For lower level access to ones hardwares, I always add a “management” interface, by necessity occasionally a vlan if you are eth(n) poor, you can use the drbd link if you are careful.

We don’t tend to use aastra or hylafax…so I don’t see that being an issue.

As for the mail…we use postfix, but it’s only outbound for the voicemails that I know of…anything else that comes to mind?

And I do have one problem I’m running into in trying to figure out the whole cluster communication vs client (lcmc/external management) communication.

I’ve setup the cluster so that it uses eth1 as communication ( and, respectively, names given in /etc/hosts), but I cannot, for the life of me, get lcmc to see that pacemaker is running on the hosts. I keep getting “wait” on lcmc.

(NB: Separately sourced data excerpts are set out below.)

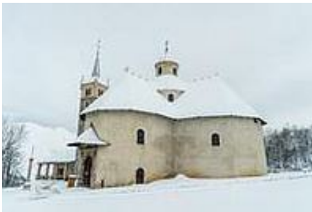
Sanctuaire ND-de-la-Vie (St-Martin-de-Belleville)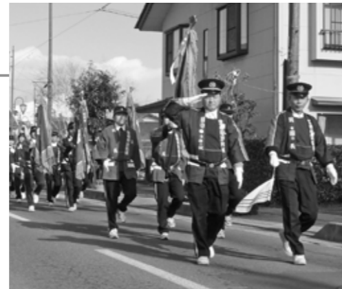
◀昨年に続いて子ども隊もパレードに参加。先頭を行進したあとは、後ろからくる団員たちや消防車に手を振って声援を送りました。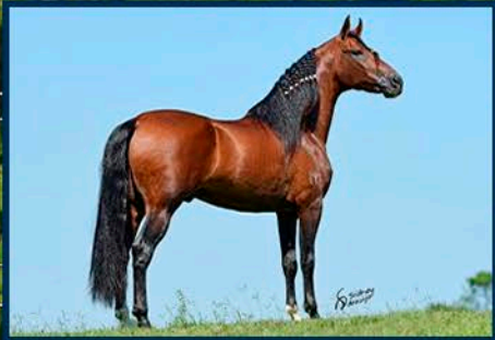
SEU PAI: POETA DO PORTO AZUL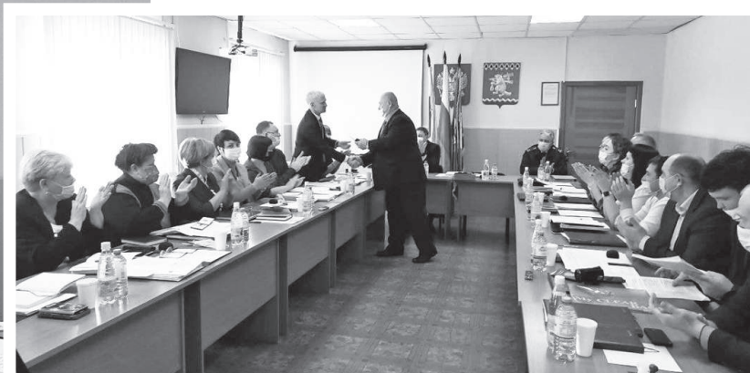
На заседание Думы пришли 20 депутатов. Почти по всем вопросам голосовали единогласно

Вчера депутаты Думы 7 созыва собрались на второе заседание, оно было перенесено с прошлого месяца.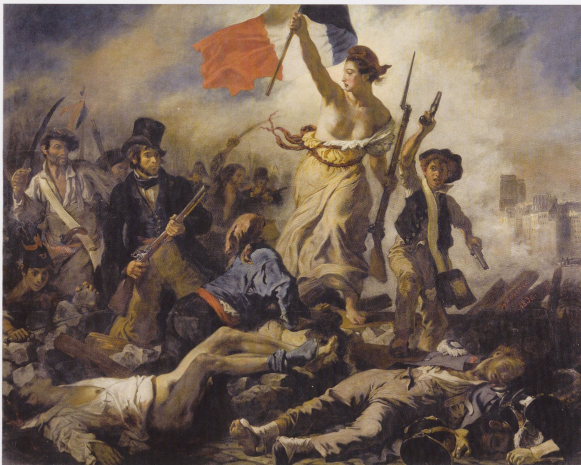
1 Eugène Delacroix Barrikadenszene (Die Freiheit führt das Volk) , 1830 Öl auf Leinwand, 260 cm × 325 cm Paris, Musée du Louvre

Märchen und mythenhaften Inhalten gelingt es bis heute, sich auf direktem Weg in die Seelen der Betrachter einzuschmeicheln. Das dürfte in erster Linie mit der Tatsache zu tun haben, dass sie sich in ihrer Fantastik dem nüchternen Alltag der modernen Produktionsgesellschaft entziehen. Märchen erwecken Erinnerungen an die Kindheit, sie gelten als gegenwartsentzogen und irgendwie tröstlich, obwohl ja gerade auch die Grimmschen Märchen nicht mit Grausamkeiten und Blutrünstigkeiten sparen – eine Tatsache, die übrigens zu lebhaften Diskussionen unter heutigen Pädagogen geführt hat, ob man solche eigentümlichen Texte unseren Kindern überhaupt noch zumuten sollte. Die Erfahrung des 19. Jahrhunderts ist unter dem Eindruck von der Entzauberung der Welt, die durch Aufklärung im 18., Darwinismus im mittleren 19. und Psychoanalyse im späteren 19. Jahrhundert angebahnt wurde und Fragen nach einer Letztbegründung obsolet werden ließ, eine radikal verweltlichte. Mythische und märchenhafte In-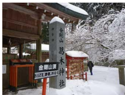
金剛山山頂 葛木神社(標高 1125m)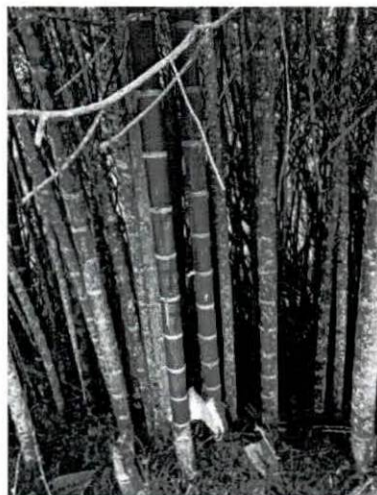
Fotografía 4, 5 y 6. verificación de puntos de levantamiento planimétrico en el guadual.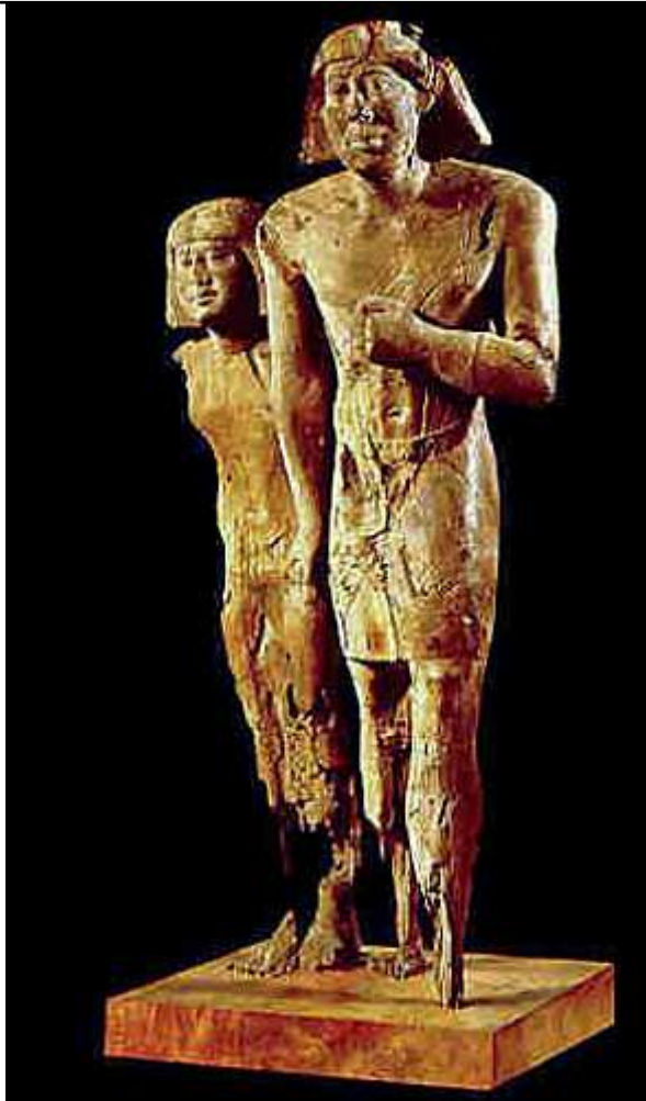
Rahotep et Nofret. Louvre.

Do you think this has anything to do with this configuration change?

I suppose I can try using pcs only…but it’s been a real headache with the lack of documentation that seems to be out there…

Well, we differ, I use Debian, you use CentOS, I have for a long let lcmc do the low level driver installs basically because it does it better than I did :slight_smile: and have never had a problem with it recognizing what it did, you seem you prefer another method.

As to doccumentation, you are doing a great job, me, I just do it of the top of my head each time.

Haha, really, I do not prefer another method. LCMC is really…really nice, it’s just giving me a headache right now! =)

pcs is NOT something I want to move to. I just cannot, for the life of me, figure out why LCMC doesn’t see pacemaker as running.

I am using the same or a similar configuration in testing some HA/FBPX installs. Also not able to get LCMC to see the installation, although I’m fairly certain it’s done correctly. I’ll be installing some new VMs to test using the LCMC package installation, see if that makes a difference.

Just curious, what hardware are you using? Are you using RAID at all?

You know…I figured it out about a day after I posted that…and it was such a simple stupid thing, too!

LCMC doesn’t like having two different names associated with the cluster nodes. Even though pacemaker/cman is running…LCMC will not accept /etc/hosts’ and cluster.conf’s naming conventions for the internal ethernet link if the hostname of the system is ANY different. So…the key was making sure that I just ran a "hostname " and LCMC miraculously got rid of the “wait”!

I actually posted this to the LCMC sourceforge issues page and closed the ticket as well.

As for hardware, one node is using RAID1 (two drives) and the other is just a straight single drive setup.

The nodes are both supermicro systems with Rhino T1 cards with the primary node having a Rhino passive failover installed as well.

Hey Los, what all do you have setup for services on LCMC?
I’m still muddling around trying to get my relocated directories, but that’s the next thing I’m wondering about.

The ‘tree’ that I created in LCMC was essentially this:

IPAddr2 (floating ip)-> Mounted drive <- DRBD/Linbit
Asterisk MySQL httpd(apache)

So…if that doesn’t look like much…the floating IP and LINBIT start first, shared drive is ordered next and colocated with them both, and then Apache, MySQL and Asterisk are colocated/ordered from them, with Dahdi following up after Asterisk.

Oh…and do not forget STONITH devices if you have the means to use them.

You can now buy it from Schmooze for 1500 bucks if you hurry :wink:

Way at the beginning of this thread the ominous “slit brain” came up

If you are a real dude, you will seriously mess with your system by pulling cables, unplugging hardware, resetting networks etc. Call it a "stress test"
but sooner or later you will get slit, make sure you cover that in your split-brain recovery process. . .

“Slit Brain” is that some fascination with pornography?